A non-childhood dream of mine is to learn how to fly an airplane, but the money and time and effort involved are scaring me off. In the meantime I've been following Jon Patch's blog about Vancouver+, the better-than-the-default scenery for the Lower Mainland for Flight Simulator X. I have the the trial version on the Windows side of my MacBook, which limits me to 2 options: a free flight and an landing activity at Princess Juliana Airport (so far after about 5 hours of trying I've never been able to successfully complete it). Today Jon links to more detail about how he created the Vancouver+ scenery with more screenshots and information about how they came about technical details for airports, buildings and bridges.

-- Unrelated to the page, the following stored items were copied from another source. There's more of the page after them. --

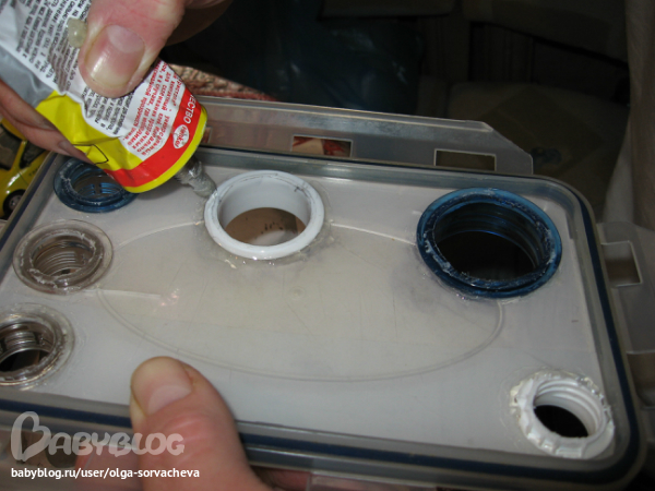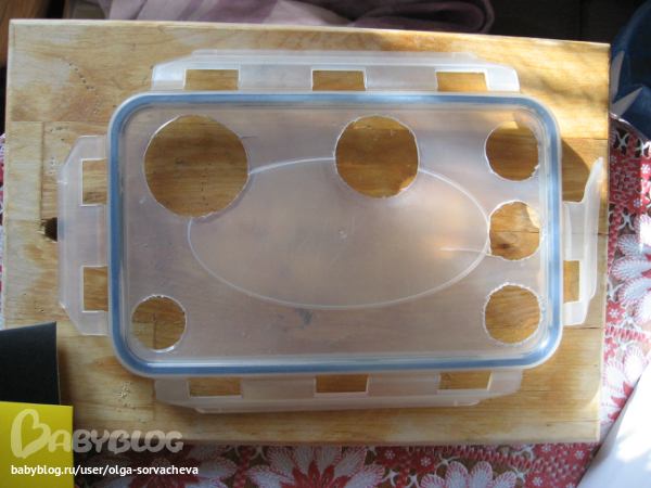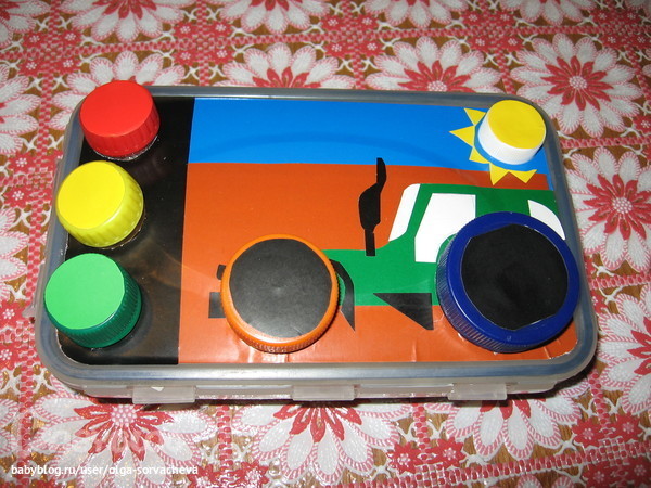 Основа - контейнер для продуктов. Собрали необходимые крышечки и срезали горлышки у пластиковых бутылок. Муж сделал вырезы ножом на крышке контейнера, смазал клеем Момент горлышки бутылок и вставил в отверстия (чтобы не прокручивались горлышки во время использования). Дали нашей конструкции подсохнуть ночь. Обклеили самоклеющейся бумагой, из нею сделали поле, небо, трактор и светофор. Готово!
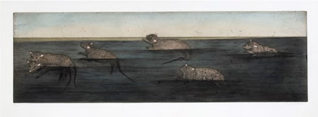 Lelong画廊将在Art Paris 2025展出艺术家Kiki Smith的作品《Carrier》,这幅手工上色雕版画旨在诠释啮齿类动物彼此扶持的故事。(图/ART PARIS)
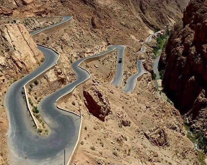 ▼阿特拉斯山脈中一條蜿蜒曲折的盤山公路,陡峭的地勢和各種急轉彎讓你驚叫連連。
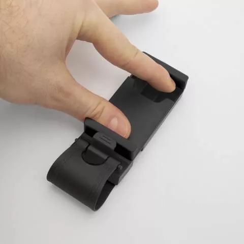 Culoare neagra. Dimensiune de cuprindere reglabila, maxim 80 mm. Ideal pentru telefoane de 12 cm
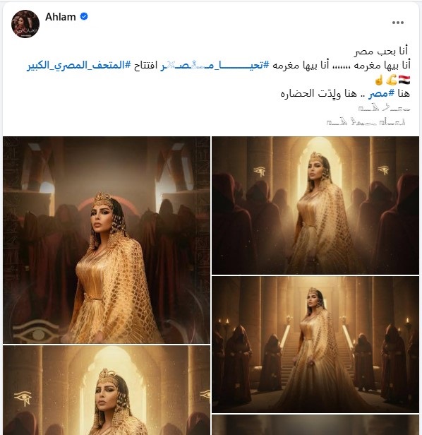 اختصرت النجمة الإماراتية أحلام حالة الفرحة والاحتفاء العالمى والعربي بها، لافتتاح المتحف المصري الكبير على أرض في كلمة واحد.. "أنا بحب مصر.. أنا بيها مغرمة.. أنا بيها مغرمة"، وهو ما وجد صدى واسع لدى متابيعها على صفحتها على فيس بوك، حيث نشرت صورة لها وفى خلفيتها تمثال لملك مصري قديم بحجم كبير، تحيطه أعمدة وأجواء فرعونية، وقد أثنى المصريون والمتابعون لها عبر التعليقات على هذه العلاقة، مؤكدين أن المصريين يحبون من يحبهم بهذا الشكل وهذه الصورة.
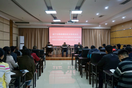 按照纪检组10月25日上午会议要求,测绘院支部组织全院党员干部职工于10月25日下午及时传达学习了《中共遂宁市纪委驻市住建局纪检组综合监督单位纪检工作会议》精神。
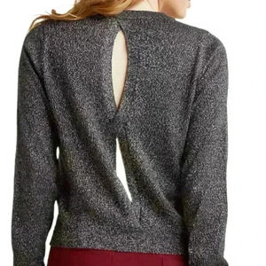 Women’s Metallic Shimmer Pullover Sweater Black Gray Open Back Keyhole Long Sleeve Medium
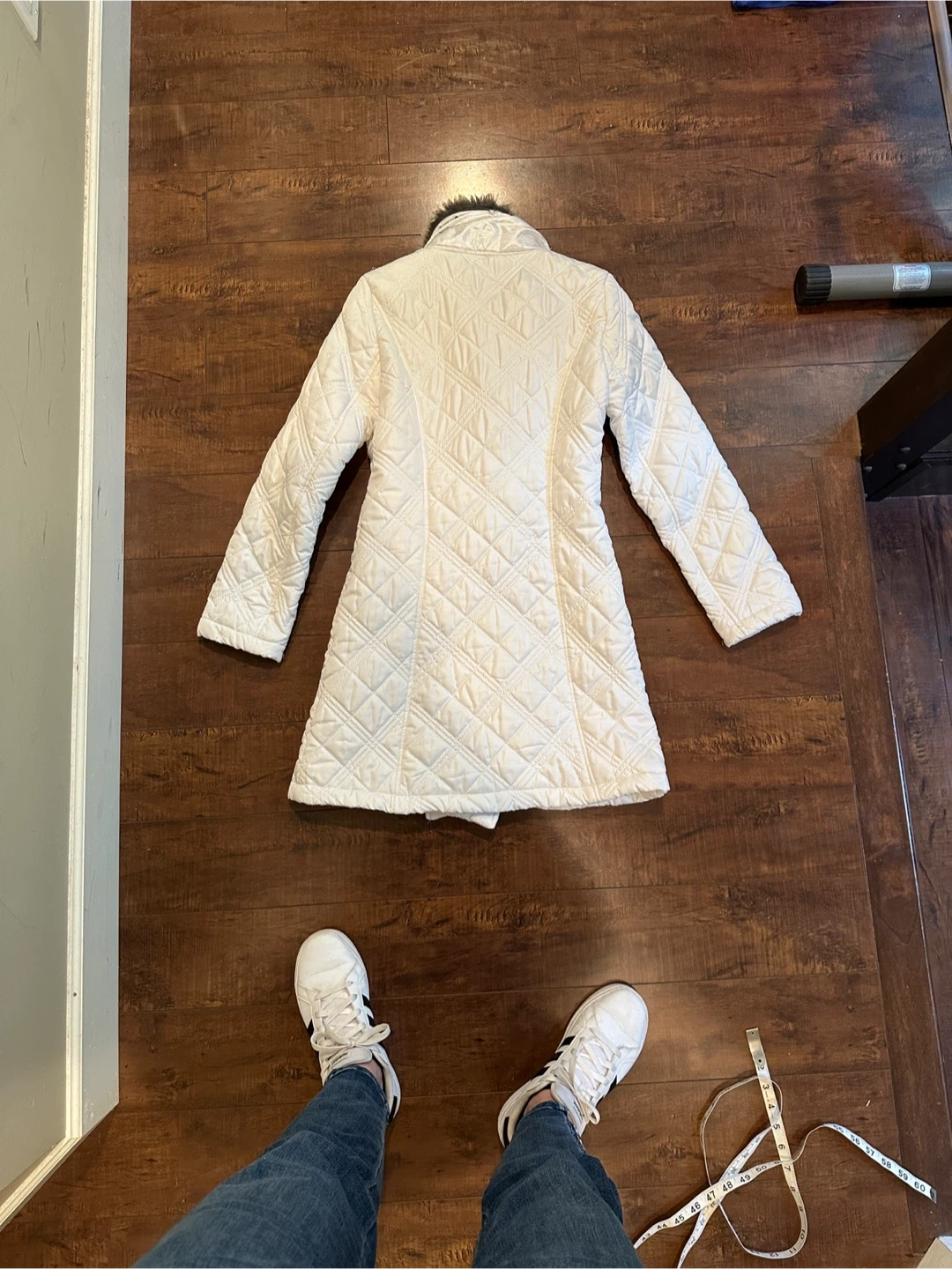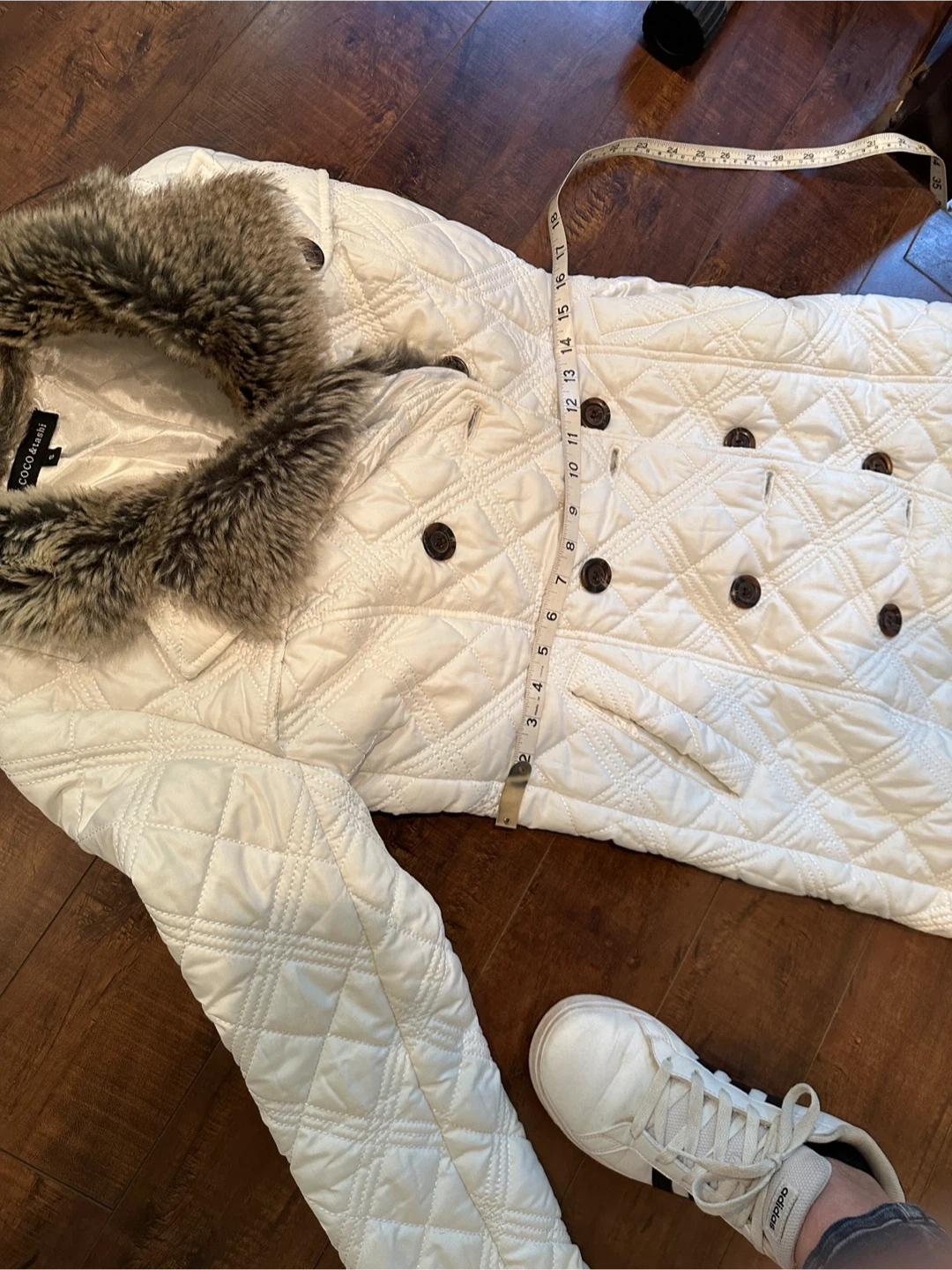 Coco & Tashi chic white quilted coat size Small. Featuring a plush faux fur collar, which is removable. Pockets in the front and button up, it's designed for both warmth and style. Perfect for any occasion. Excellent Condition. All Measurements are approximate.
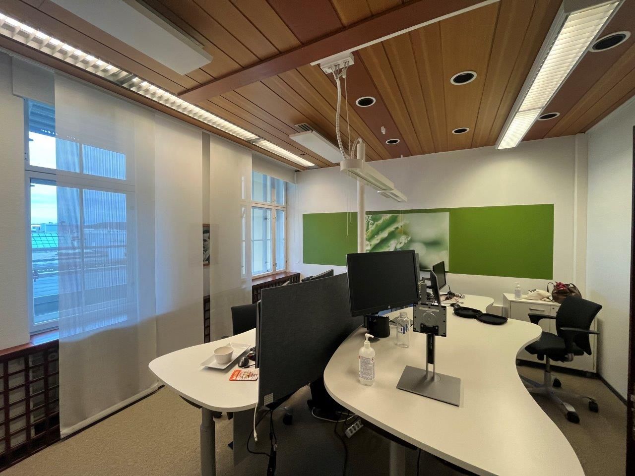 Koko 2. kerroksen kattava tilakokonaisuus on valoisa, avara ja täynnä yksityiskohtia. Tunnelmallisista erkkereistä avautuvat kauniit näkymät puistoon ja tilaan saa luotua ainutlaatuisen työympäristön.
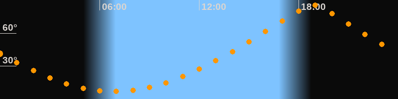 | Höchster Stand (Kulmination) | 18:52 Uhr (h = 85,6°) |
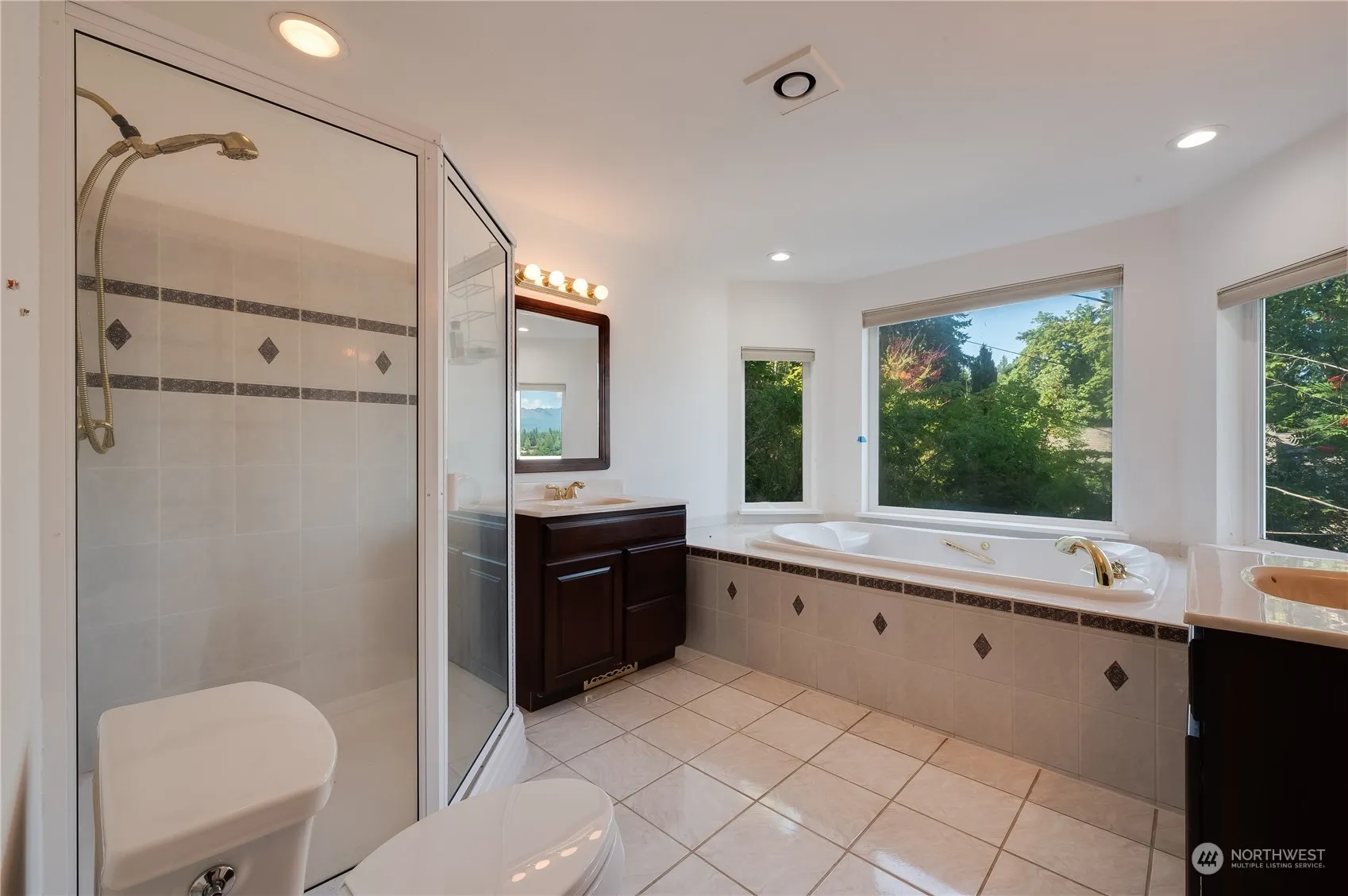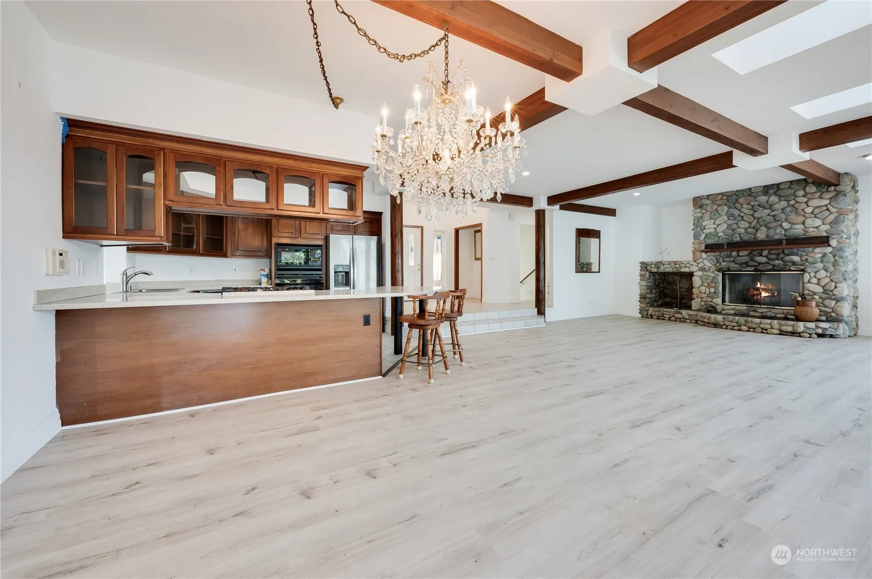 Absolutely breathtaking views of the mountains & water! This exquisite custom home boasts an elegant open floor plan that seamlessly combining dining & living room areas. Living room is bathed in natural light thanks to its walls of windows, offering a captivating 180-degree views. Beautiful chandeliers, gas fireplace creating a truly inviting atmosphere. Step out onto the oversized wrap-around deck, perfect for entertaining. Primary suite showcases a luxurious 5-piece bath w/ jetted tub. NEW exterior, interior paint, flooring, decks & landscaping. Lower floor can be ADU w/separate entrance & brand-new deck. Enjoy 82′ of waterfront w/ tidelands. Home offers ample space to dwell in. You ‘ll be enchanted by stunning views! A true gem.
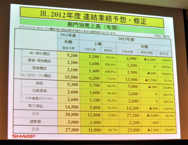 【情報追加】シャープ、12年度の通期連結業績予想を修正 − 純損益は2,500億円の赤字を見込む
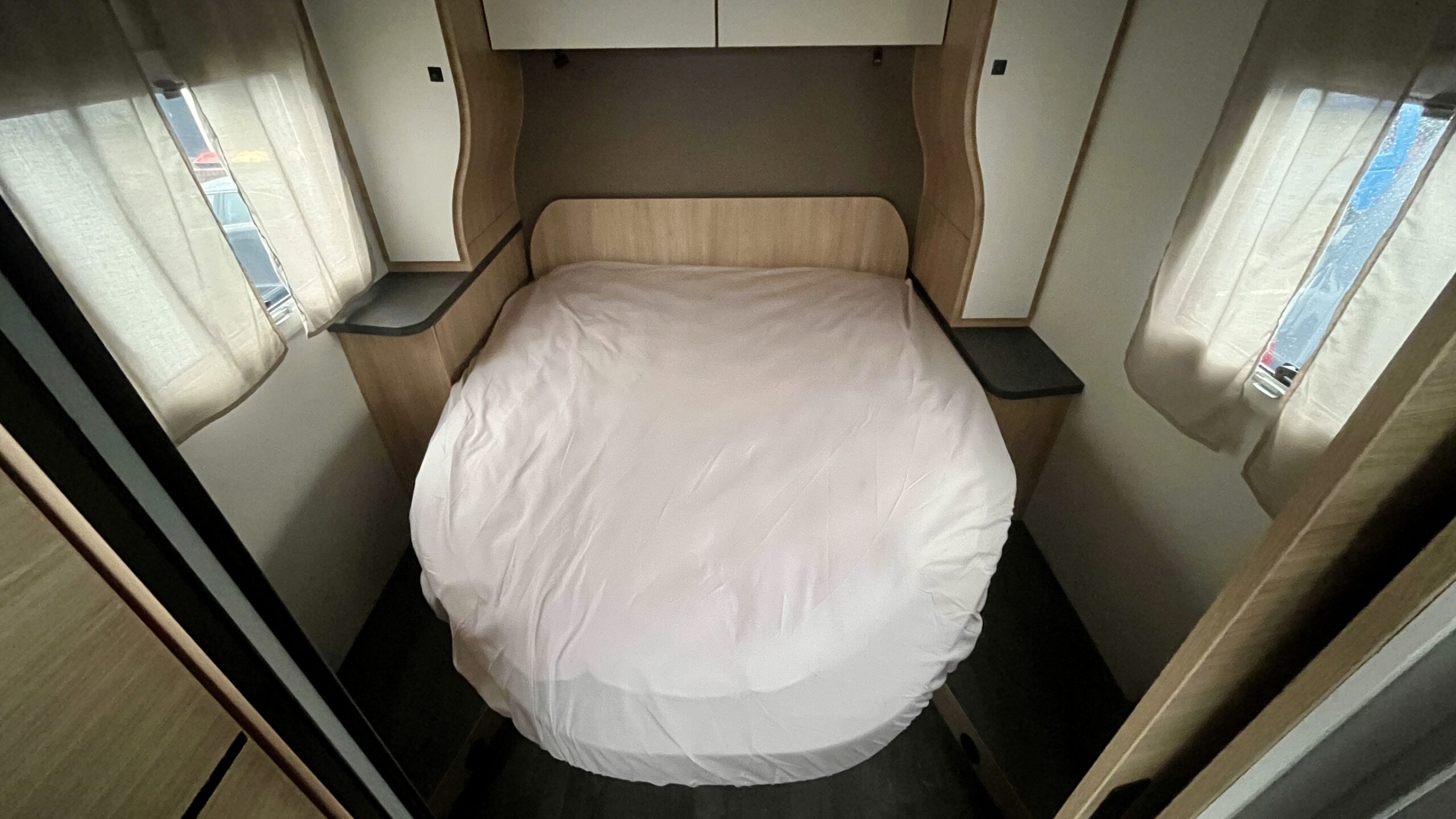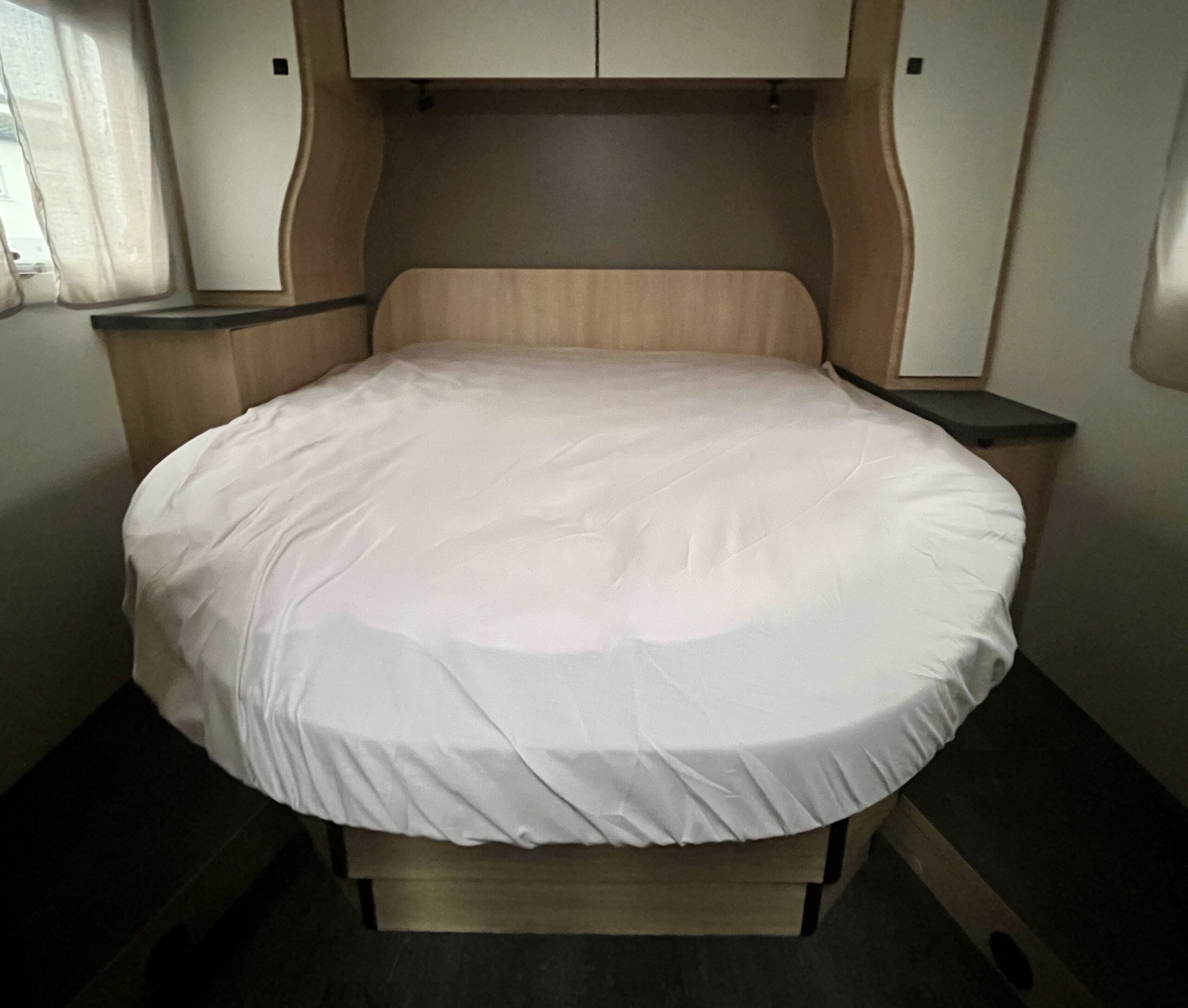 Low-profile motorhome with island bed
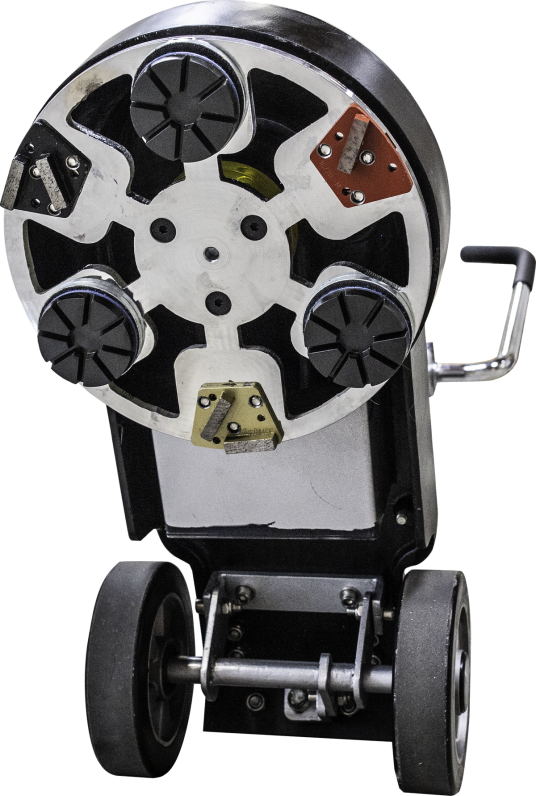 Máy này có thể gắn 3 đến 6 công cụ mài. Nó có thể xử lý các ứng dụng mài ướt hoặc khô và có thể mài phần sàn có khoảng cách 1/4 inch tính từ tường.

Also discussed: Pitt Meadows Airport, Langley Regional Airport, Hope, Lytton, Pemberton, and Whistler.



I took pilot training in the RCAF for a while back in the 1950s,
but back then, I was too much of a smart-ass and I couldn't
adjust to the discipline required - partly because I'd already
spent three years operating hydro-electric plants before
enlisting, and all the others were fresh from school and on
their first big adventure. I asked to be released part way
through basic flight training. because the weather that year
in southern Ontario was terrible, and we spent more time in the
ready room waiting for it to clear than we did in the air, flying
those old Harvards. Incidently, I was told that the controls in
a Harvard were more complicated than in the jets we would
fly later at advanced school. I gave up the spit & polish and
went back to power station control rooms, where I knew what
I was doing. But I've always wondered if I would have been able
to graduate that course. Out of 110 of us who started, only
about 10 or 15 eventually became Flying Officers & pilots.